By Bernard Orsman
Several boys at Auckland's Remuera Intermediate School are under investigation for allegedly spiking a teacher's drink with what may have been a poisonous substance.
The police youth aid section is investigating the incident involving six boys and a woman teacher last week, although the school believes there are no sinister overtones.
The teacher is understood to have taken a sip of water from a mug and spat it out after it tasted odd. She was unharmed.
Sources have suggested to the New Zealand Herald that the substance was silica gel, a moisture absorber commonly used in articles like vitamin bottles.
But the principal of the 660-pupil school, Kevin Gooch, said there were varying reports about what may have been put in the drink.
"Someone said it was chalk, someone said it was something else and someone said it was poison," he said.
A spokeswoman for the National Poison Centre in Dunedin said silica gel sachets were marked poisonous and not to be eaten.
However, she would not expect any symptoms from swallowing the substance because it was virtually non-toxic.
Mr Gooch said he had interviewed one boy and would talk to another five boys today.
"I have my own idea of what has happened," he said.
"I think there has been some silly little incident of something being put in a drink and [whoever did it] didn't realise the implications.
"If it is a substance it could have done some harm to somebody and we need to follow that through."

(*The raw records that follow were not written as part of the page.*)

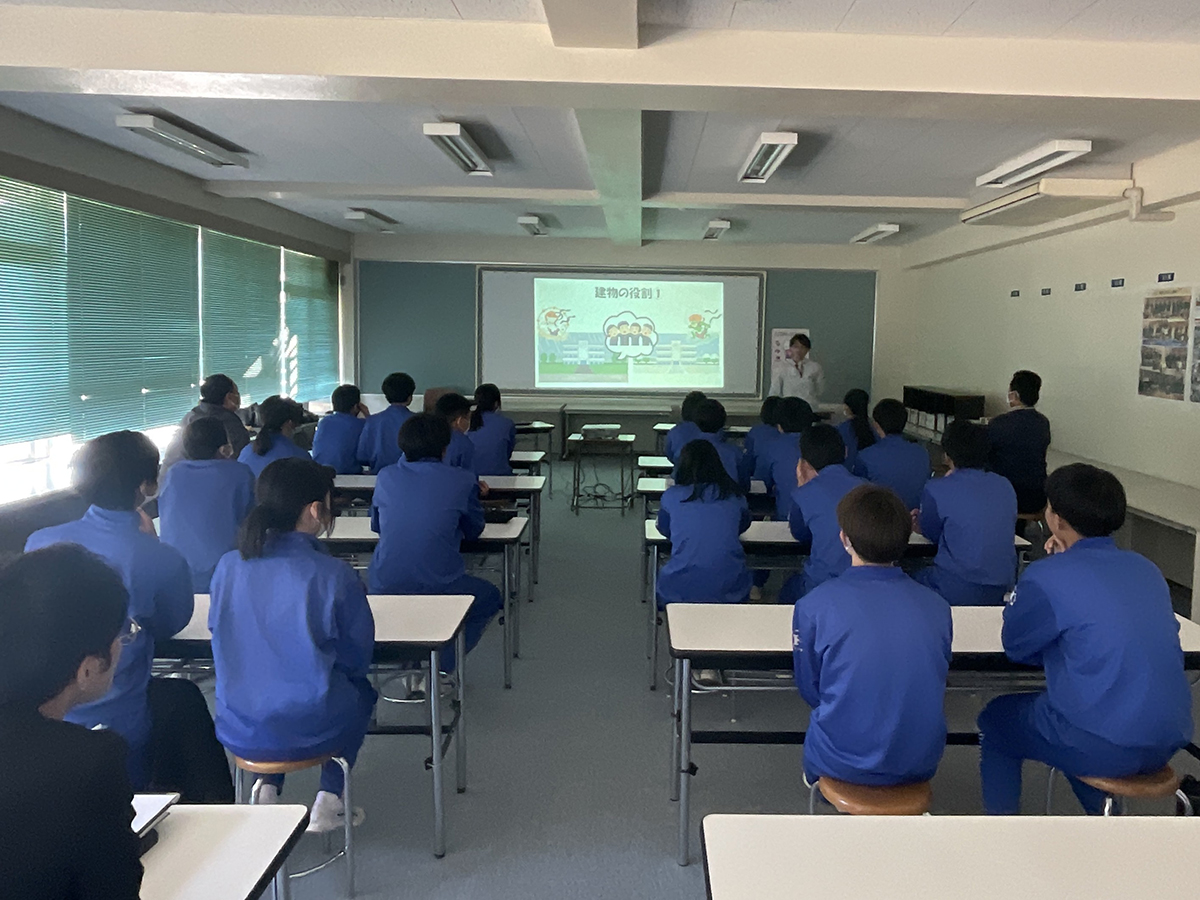 建築・建設分野の仕事の内容や魅力、県内の建築物の紹介、進路先の紹介など行いました。
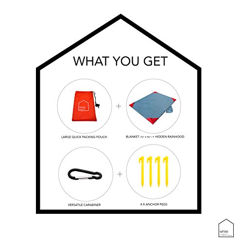 Studio : White Cabin AU Publisher : White Cabin AU Product Description The White Cabin outdoor pocket blanket is perfect to have on you at all times. Easily fitting in your purse, day bag or even hanging it off your clothes with the included carabiner clip. It is super light weight at only 4oz and very small when packed up at 5 x 4inchs. It is made from 210T Ripstop Nylon, which makes it strong to prevent ripping while at the same time we have chosen a smooth finish to make it comfortable to laze around on. We have made extra large corner pockets so it can fit all your things, even the large cell phones. You can secure the blanket by easily filling the large corner pockets with sand or use the included light weight pegs. It is waterproof so you can keep dry on wet ground, and when it rains pull out the hidden raincoat hood. The hood transforms the blanket into a poncho to keep you and your gear nice and dry. It is a large blanket when unpacked at 72" X 56", which easily fits two adults so you can enjoy the outdoors in comfort with friends . Pick up a White Cabin Pocket blanket now and enjoy the great outdoors! 0
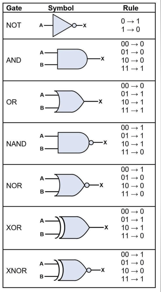 A diagram showing the symbols and truth tables used for various logic gates in circuit design.
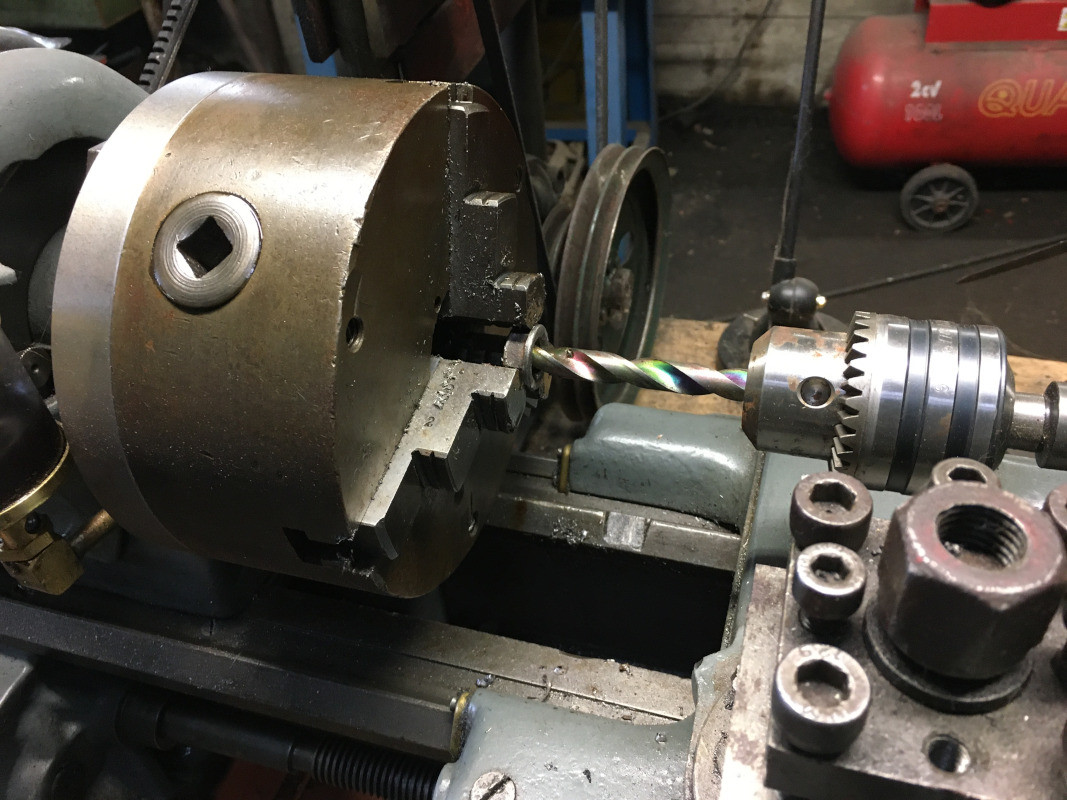 Comme je ne me voyais pas percer à 11 mm avec la sensitive, au centre de la vis cassée, je me suis servi de mon tour à métaux (un ancêtre datant de la Seconde Guerre Mondiale !) Franchement, je me sens plus à l'aise qu'en carrosserie !
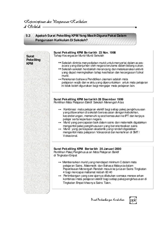 Keselamatan Diri Pelajar Semasa Pembelajaran Pendidikan Jasmani dan Kesihatan serta Kegiatan Kokurikulum dan Sukan Di Dalam dan Di Luar Kawasan Sekolah. Ponteng Sekolah KPBS85481217 Borang DM 9277 1. Daerah GombakPeranan guru bimbingan dan kaunseling dalam menangani Jun 30 2021 Surat Pekeliling Ikhtisas Bilangan 1 Tahun 1991 Penceramah Jemputan Untuk Majlis dan Aktiviti Agama Islam di Sekolah pdf 143 KB Surat Pekeliling Ikhtisas Bil.
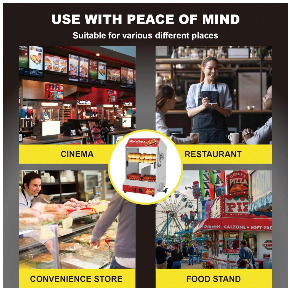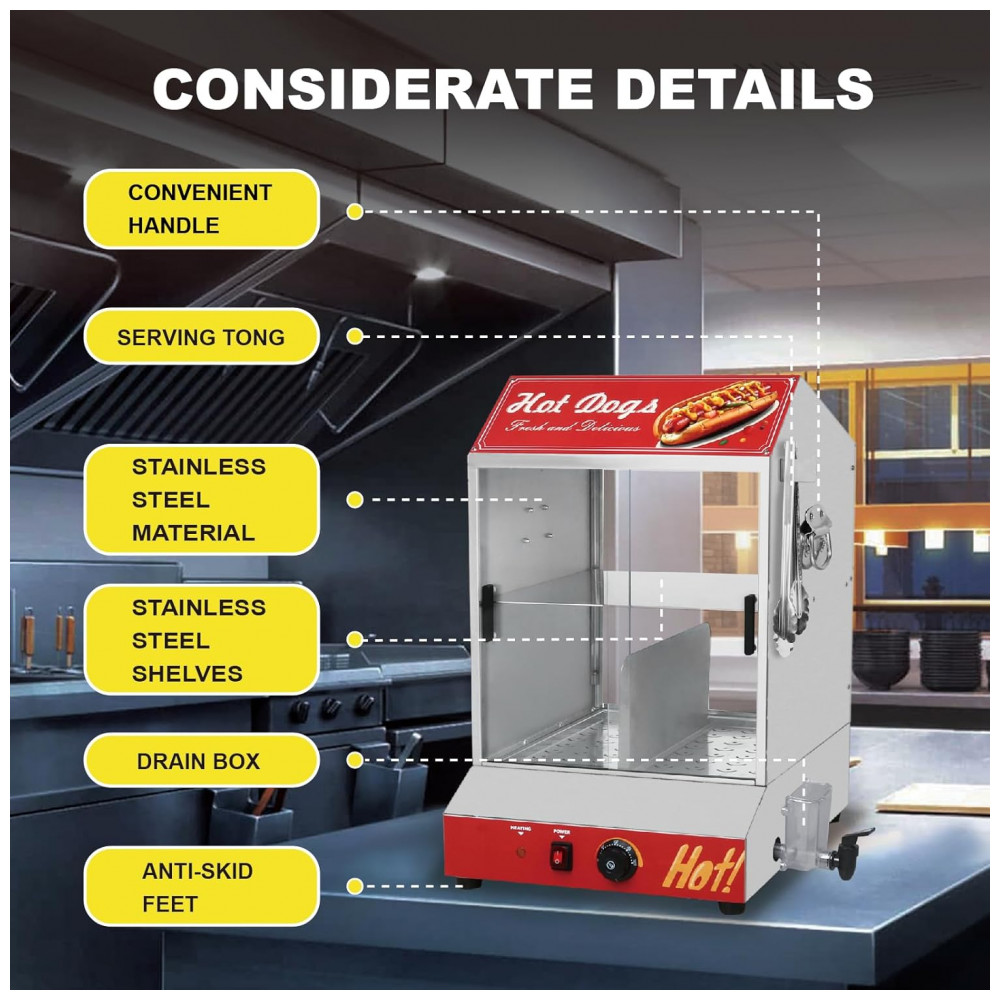 A Máquina de Vapor para Cachorro-Quente Nessxa de 40 litros possui uma grande capacidade que permite controlar facilmente festas ou clientes na loja. Perfeita para uso diário e comercial, é feita de aço inoxidável para garantir a segurança alimentar. Seu design com bandeja removível facilita a organização e limpeza. A temperatura pode ser ajustada entre 30°C a 85°C para manter os cachorros-quentes quentes e suculentos conforme necessário. Ajuste de temperatura rápido e aquecimento eficiente. Feita de aço inoxidável de alta qualidade, suporta grandes quantidades de comida sem deformar. Capacidade para 235 cachorros-quentes e 50 pães simultaneamente. Ideal para cafeterias, padarias, restaurantes, e lojas de conveniência. Display de alimentos com vidro temperado espesso, isolante e transparente. A porta deslizante facilita a visualização e manuseio dos alimentos. Uma adição necessária para qualquer estabelecimento de alimentos.
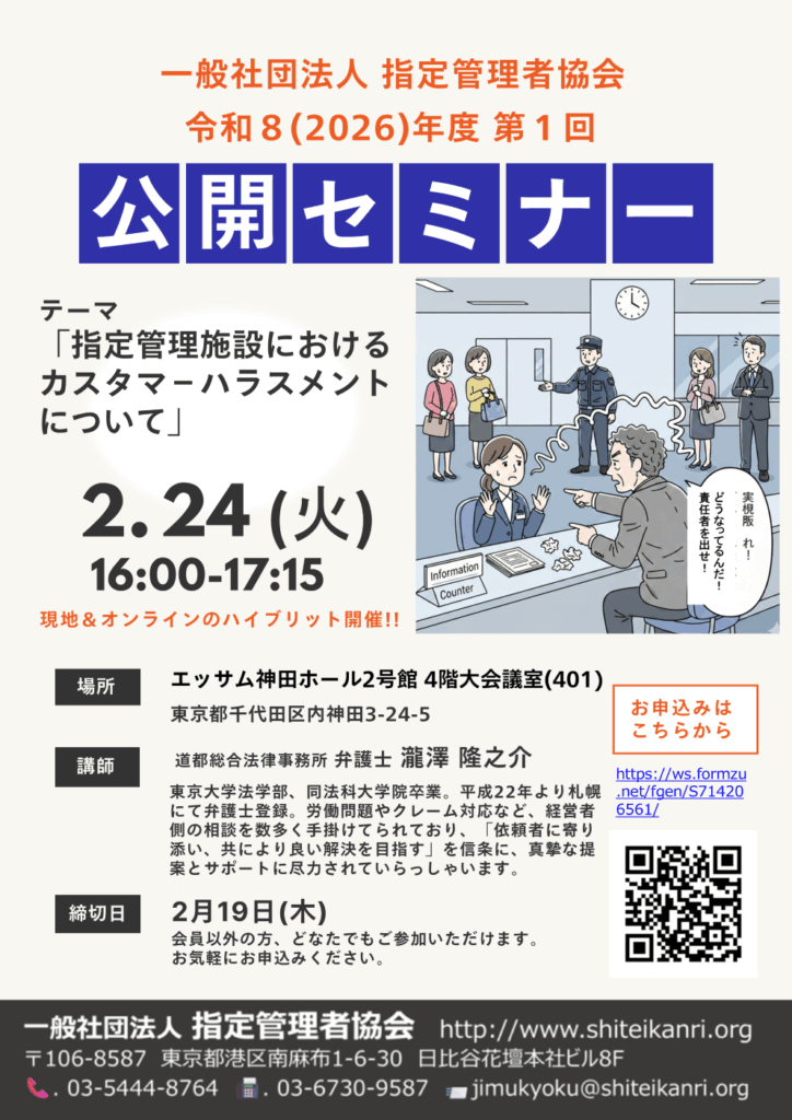 一般社団法人指定管理者協会 令和8年度 第1回 公開セミナーのご案内
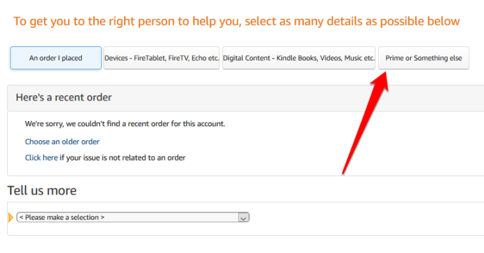 - At the top of the customer support page, click **Prime or Something Else**.
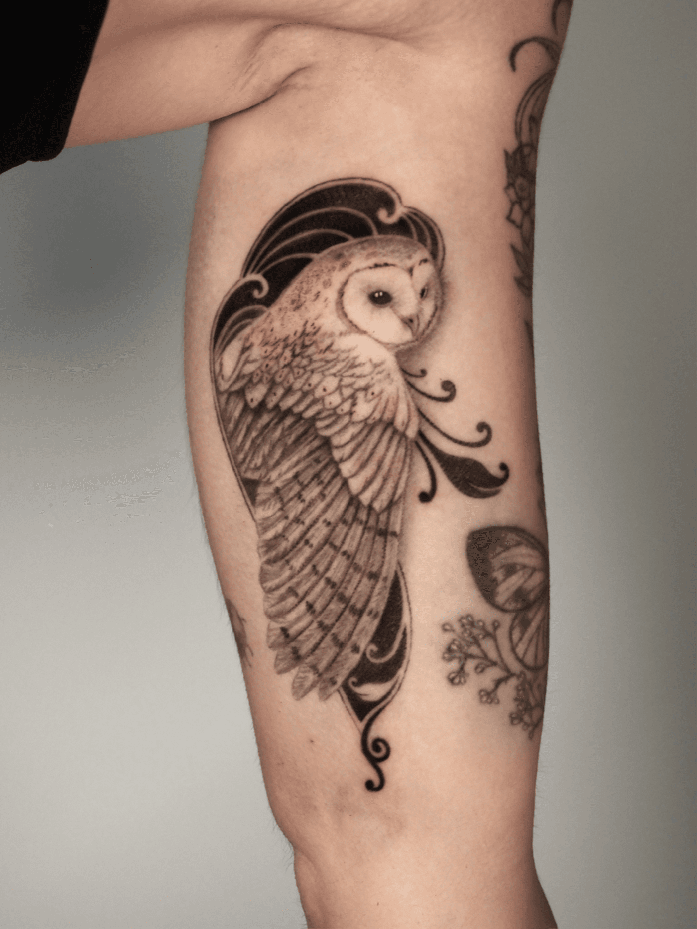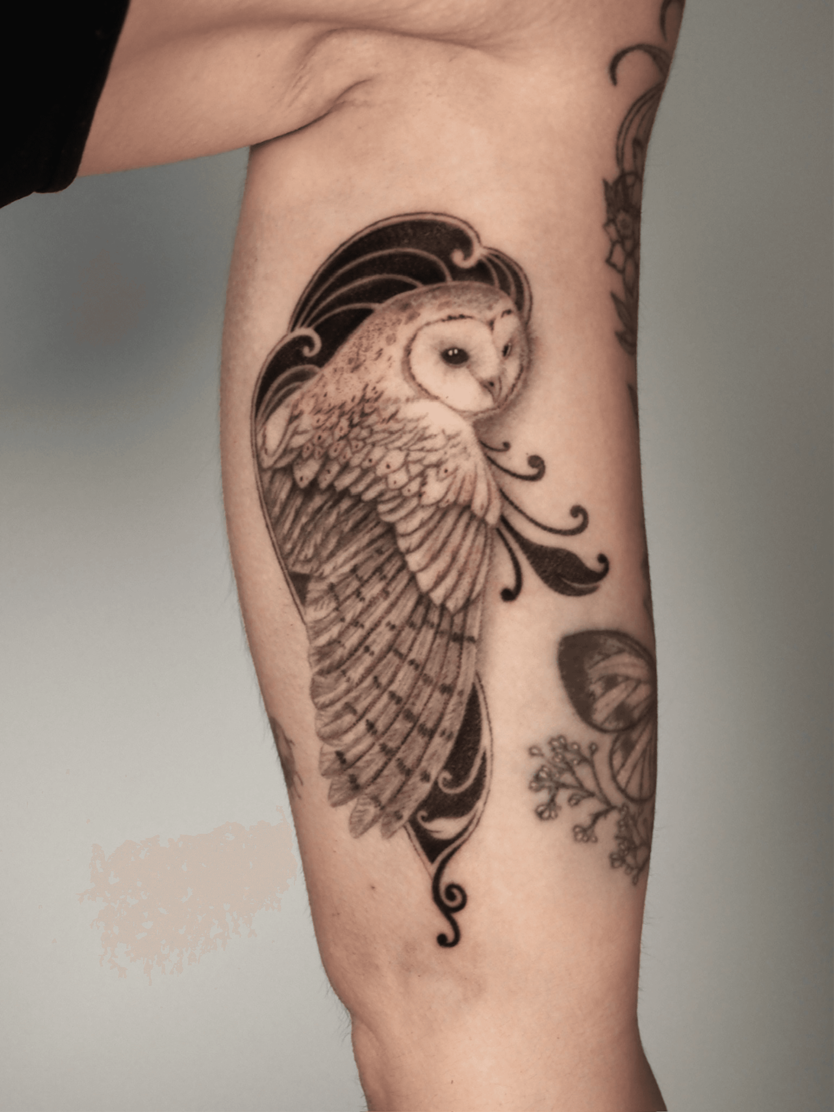 A black and grey micro realistic tattoo of an owl with a detailed wing and feather patterns set against a decorative, ornamental backdrop. The style uses detailed shading to create depth and a realistic feel.
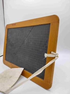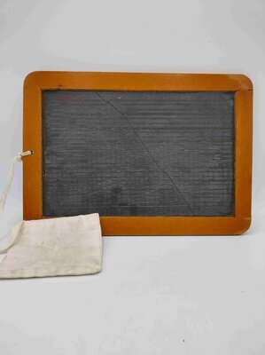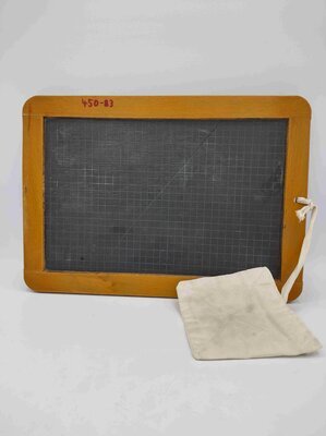 Die Schiefertafel besteht aus einer Schieferplatte, die von einem Holzrahmen eingefasst ist. Sie wurde bereits vor einigen Jahren inventarisiert und die Inventarisierungsnummer steht auf beiden Seiten auf der Tafel. In die Schiefertafel ist auf der einen Seite ein kariertes Muster und auf der anderen Seite Linien eingeritzt, so dass auf der einen Seite die Matheaufgaben und auf der anderen Seite die übrigen Aufgaben in der Schule bearbeitet werden konnten. Der Lappen zum Abwischen der Tafel ist am Holzrahmen befestigt, in welchem zu eben diesem Zweck ein Loch gebohrt ist. Durch die Tafel zieht sich auf Vorder- und Rückseite ein Riss, der Holzrahmen ist geleimt.
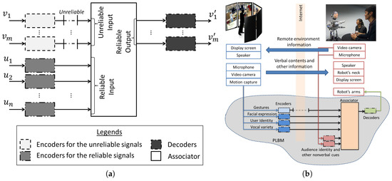 The name of this model is the perception-link behavior model (PLBM) because the conversation partners might react according to what they see during a conversation, and this is the concept behind role negotiation [15] and the chameleon effect [16]. Alternatively, the perception-link behavior model (PLBM) is also an online associative multimodal model with encoding and decoding capability (Figure 3a). It can be implemented into a CATR’s framework to associate multiple modalities, as shown in Figure 3b. Primarily, it has three components: encoders, decoders and associator.
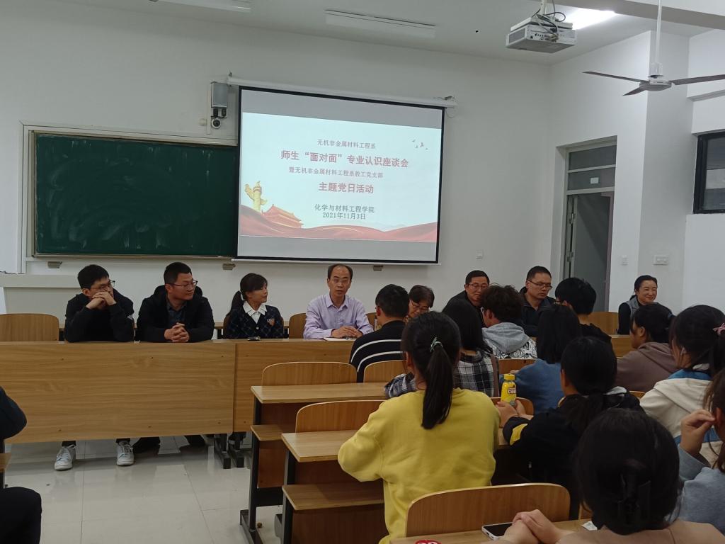 伴随着秋天的脚步,迎着同学们真挚的笑脸,为了帮助2021级新生了解专业方向,稳固专业思想,更好的融入大学生活,11月3日下午,化学与材料工程学院应用化学系教工党支部、无机非金属材料系教工党支部、材料科学与工程系教工党支部、新能源材料与器件系教工党支部在各党支部书记的组织下结对相关专业召开了“师生面对面专业认知座谈会”暨教工支部主题党日活动,4个专业2021级新生分专业参加座谈会。
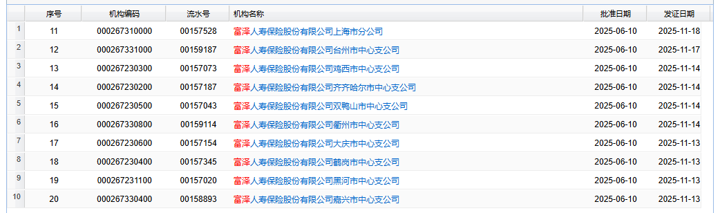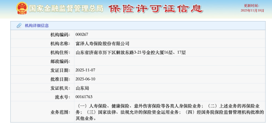 在此之前的11月10日,金融監(jiān)管總局官網(wǎng)也已公布了富澤人壽于今年6月10日獲準(zhǔn)的保險(xiǎn)許可證信息。
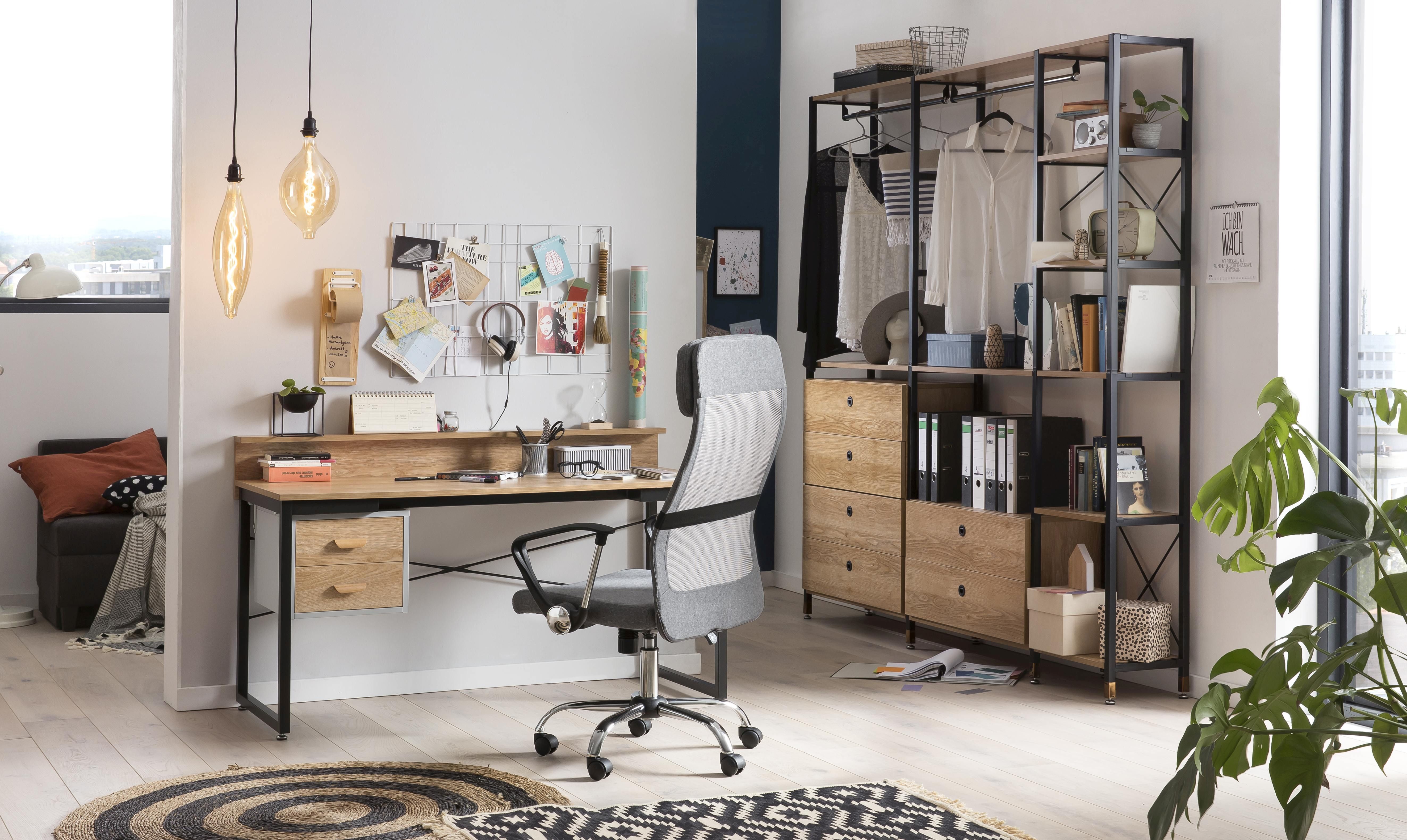 Fini le télétravail sur la table de la salle à manger ! Ce bureau stylé ne séduit pas seulement visuellement, mais aussi par son aspect fonctionnel. Le plateau avec tablette supplémentaire est fabriqué en bois MDF de qualité aspect acacia. Le piètement en métal apporte la touche finale. Les deux tiroirs sous le plateau créent un espace de rangement supplémentaire. Ce bureau sera du plus bel effet dans tous les intérieurs.

Darrell Ward, the president of NZEI, the primary teachers union, was unaware of the incident and said he would wait until the outcome of the investigation before commenting.
But if it was true, then it would be the first case he had heard of pupils attempting to poison a teacher, he said.
Mr Ward said the union had concerns for teacher safety, with increasing incidents of insolence and defiance in primary and intermediate schools.